You think most other developers share that understanding? Given that in my experience most developers have only a so-so understanding of basic cryptography to begin with, I find that very, very dubious.
I just read the original whitepaper and it isn't exactly trivial. Statements of the form "Because we do X in the implementation, bitcoin has property Y" are where it takes a fairly strong knowledge to truly follow along with the logic. The implications of the methodologies are not obvious, or else this whitepaper (and by extension the identity of Nakamoto) wouldn't be quite so important.
If you want to understand Bitcoin right down to the data structure, network packets and encyption algorithms, check out these articles, including Bitcoin mining with pencil and paper. (I'm hesitant to tout my own articles, but I think they are what you're looking for.)
'end to end' is probably an unattainable goal. I'd go for understanding it at some level given some axioms, and gradually dig in to the axioms.
I think it's difficult to create an all encompassing post for that reason.

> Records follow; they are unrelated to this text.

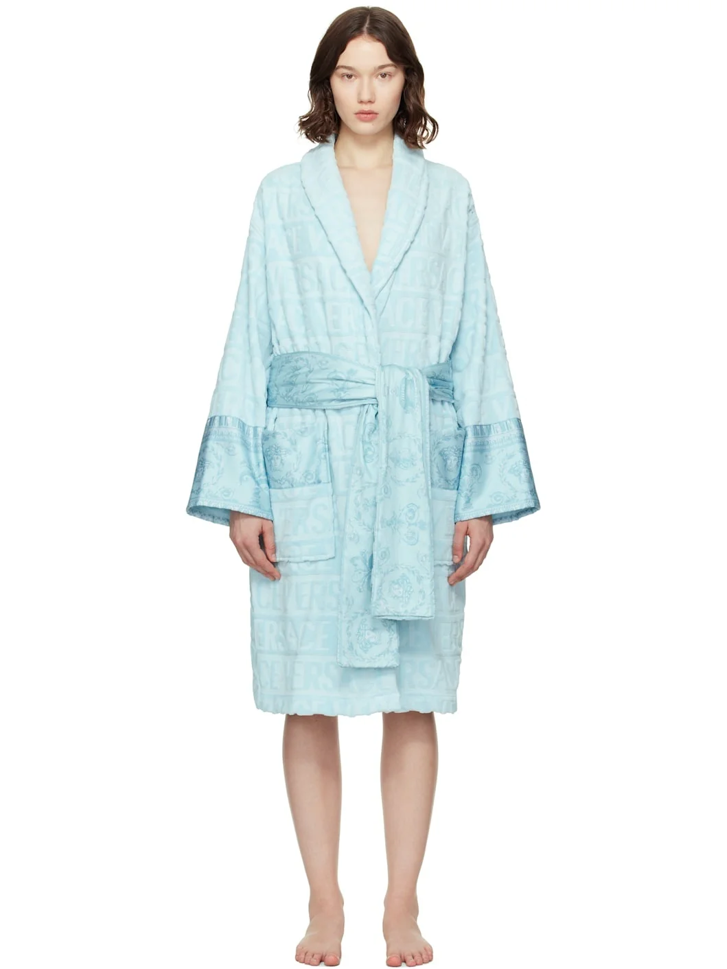 Cotton terrycloth bathrobe. Jacquard logo pattern and Barocco-patterned poplin trim throughout. · Shawl collar · Belt loops with detachable self-tie belt · Patch pockets at waist Supplier color: Pale blue 100% cotton. Made in Italy 252404F077008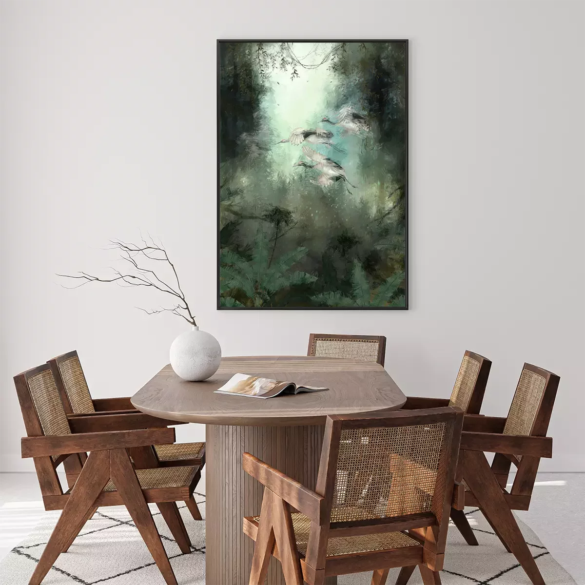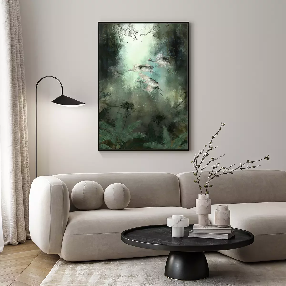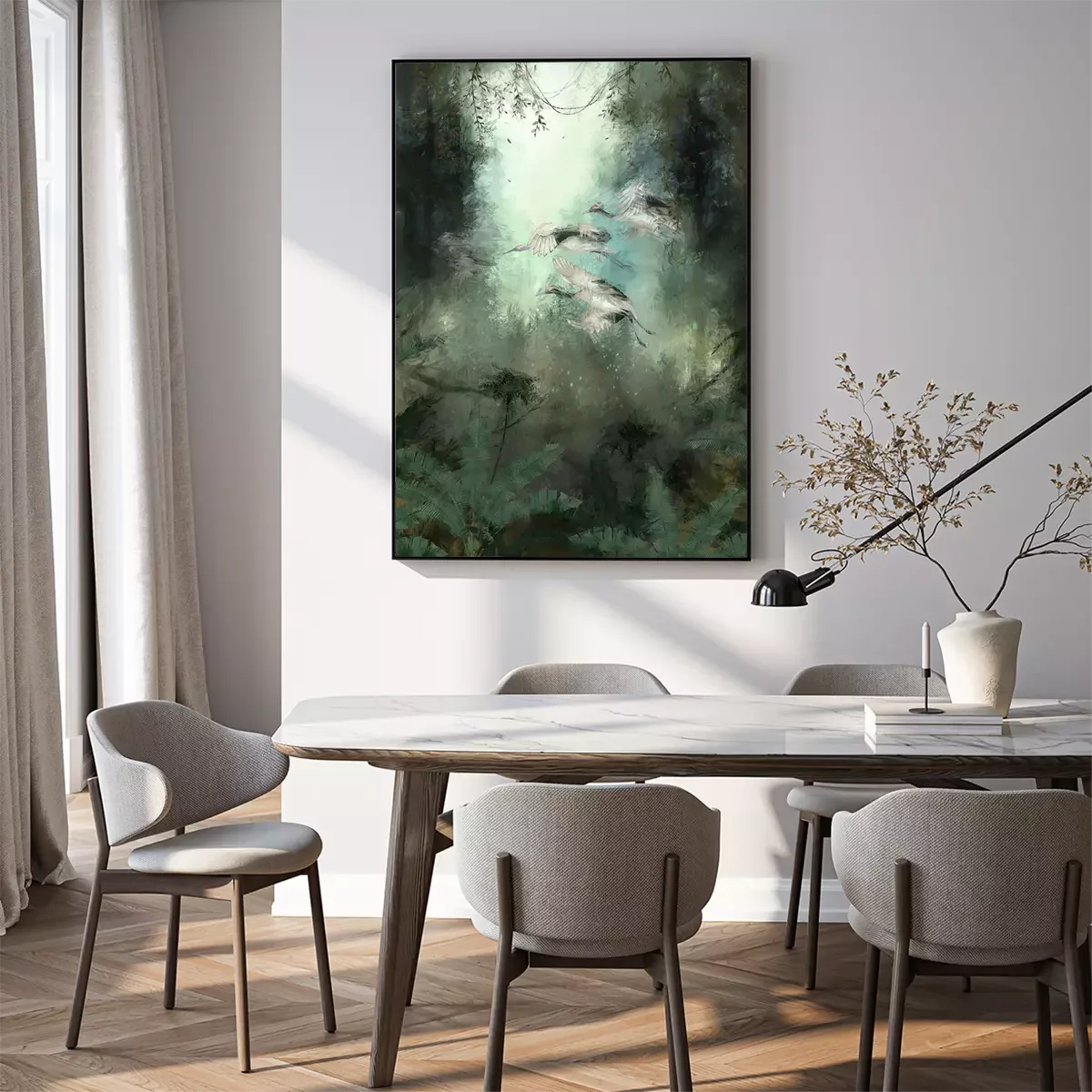 Wallpaper Jungle Tropical Forest Palm tree Birds Vintage Painting old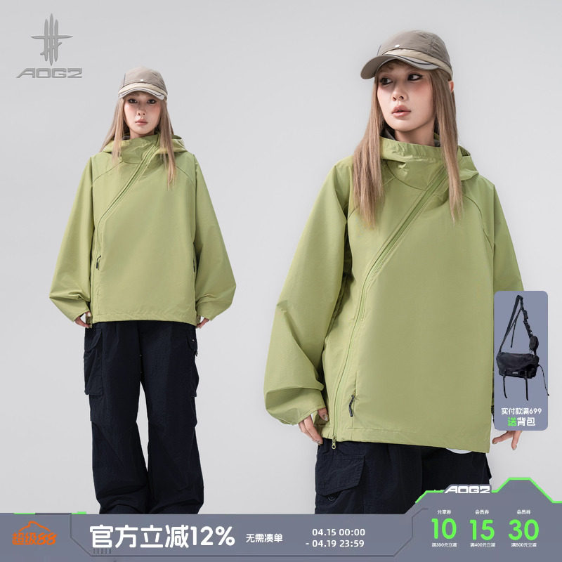 AOGZ美式斜门襟外套男女2026春季新款户外运动徒步夹克卫衣外套潮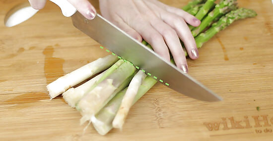Cut the asparagus or leave the spears whole. If you want to make a stir fry, slice the spears into 1 to 2-inch pieces for stir-fry, making the cuts diagonally.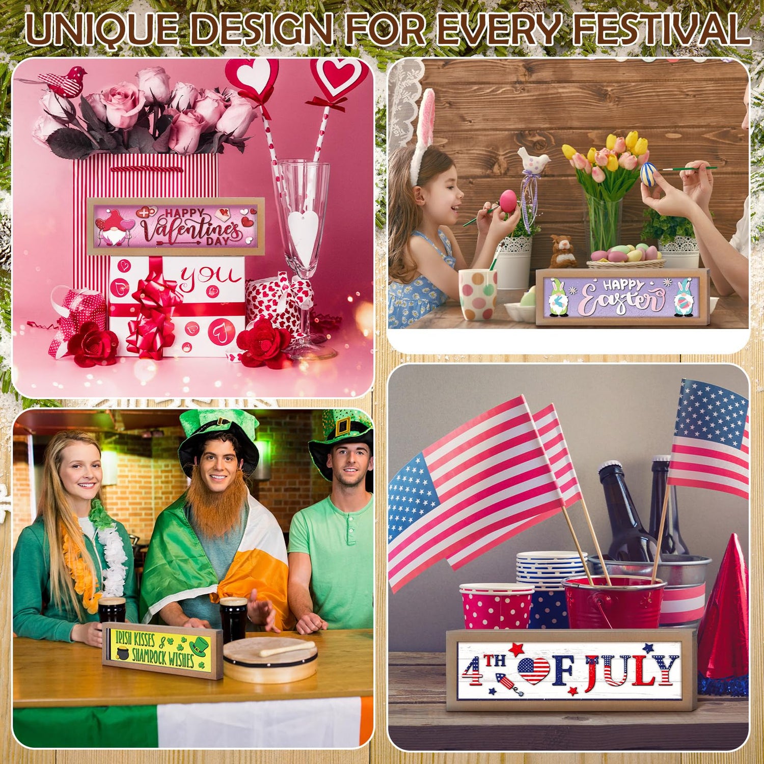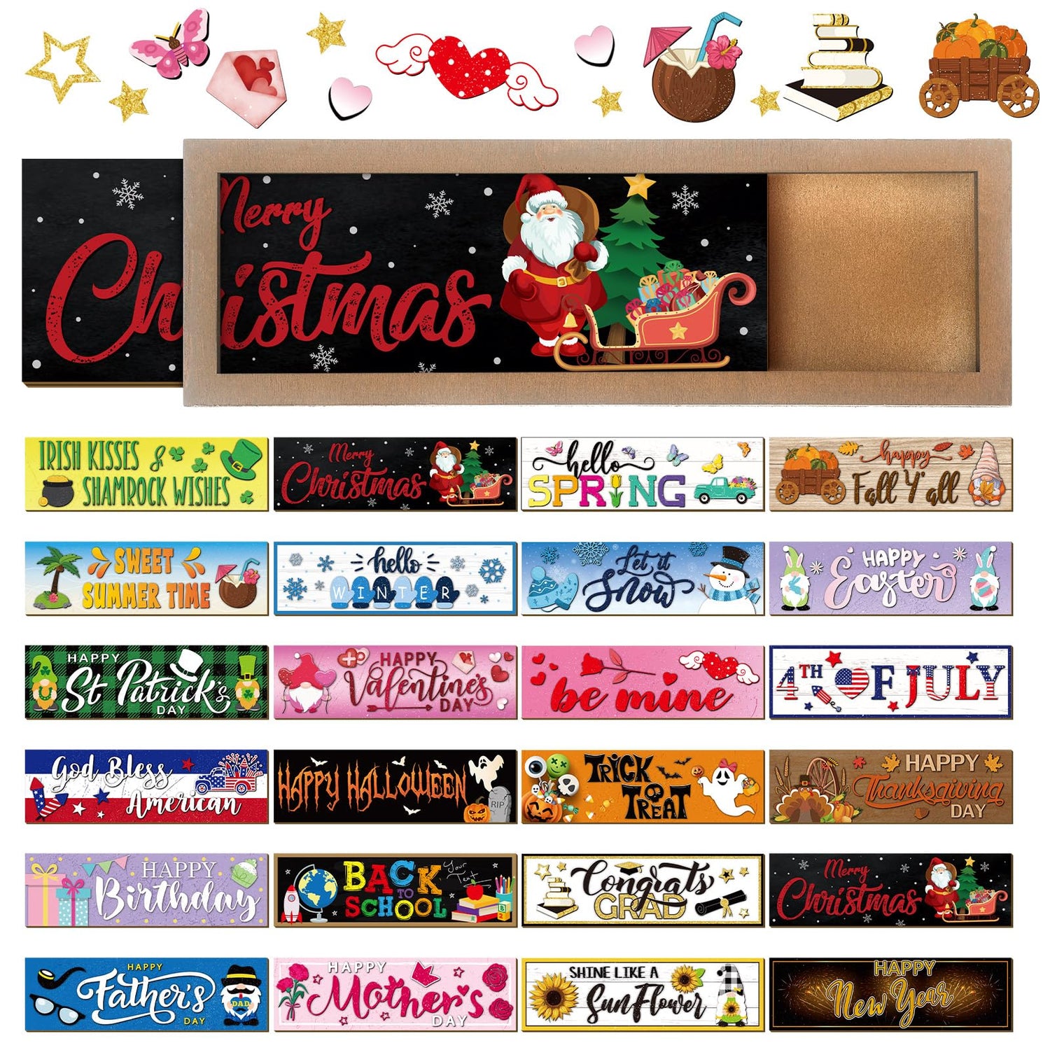 - Easy Assembly and Switch: the seasonal interchangeable signs are user oriented, making interchangeable home sign convenient to change the themes; Only three wooden cards stacked are needed to fit perfectly into the frame, and when it's time to switch, a gentle push will do the job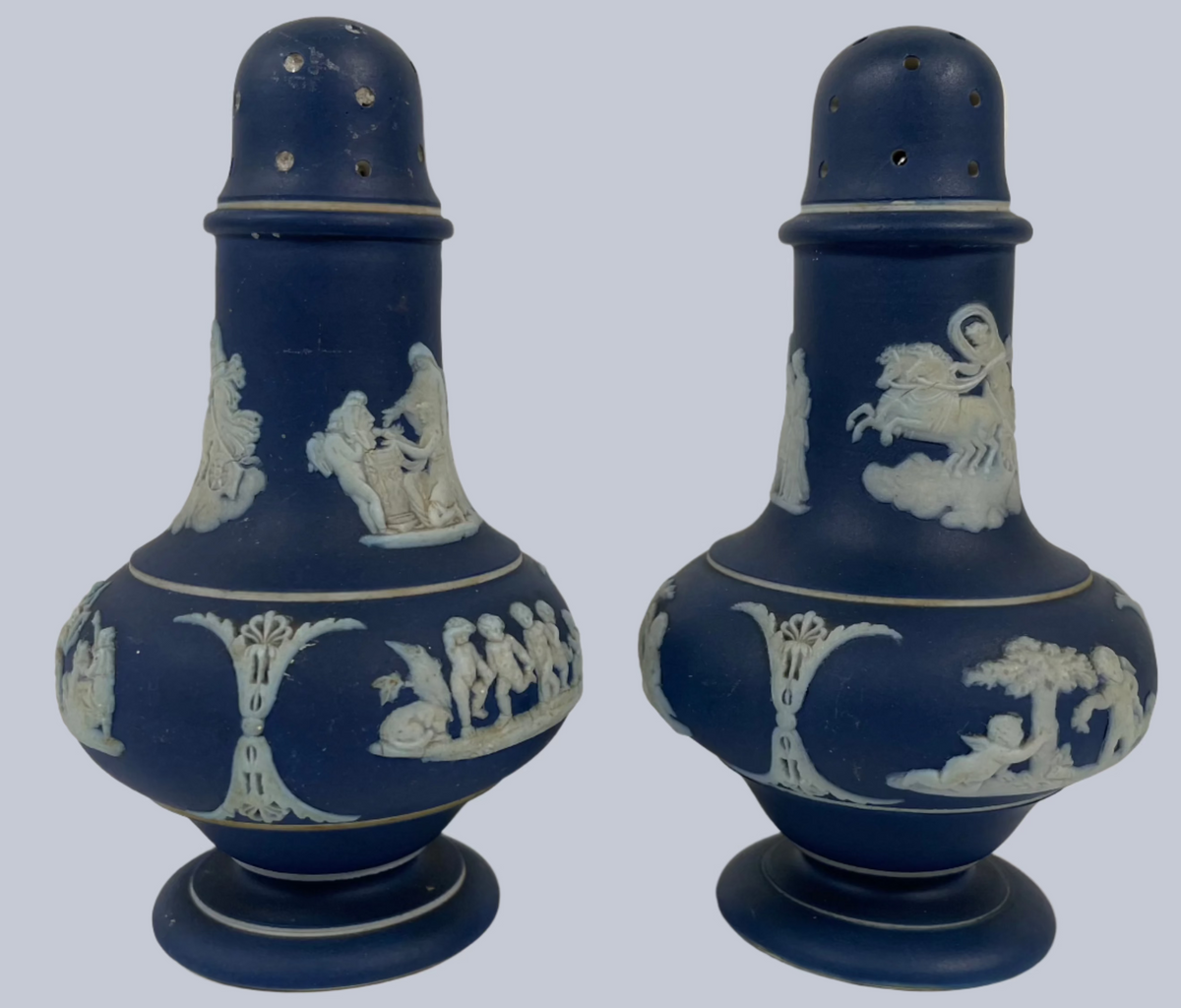 Mid-Century Wedgwood Jasperware Shakers – Blue & White Pair

It's a bit like trying to describe how any application protocol works - can you assume knowledge of TCP/IP? Do you just black-box it? etc.
My contact details are in my profile and I'm happy to lend a hand if you think that might be useful.
I am just now beginning to try to research it to really understand it, because despite being a developer and having a decent understanding of public-key cryptography, I am at a total loss to understand how this system works or achieves its apparent purposes.
My impression is that it's actually quite complex, and that the press (and developer community at large) is failing to really explain it in any meaningful way to people who don't already get it. Not that this is out of the norm with tech topics, but this is very flagrant.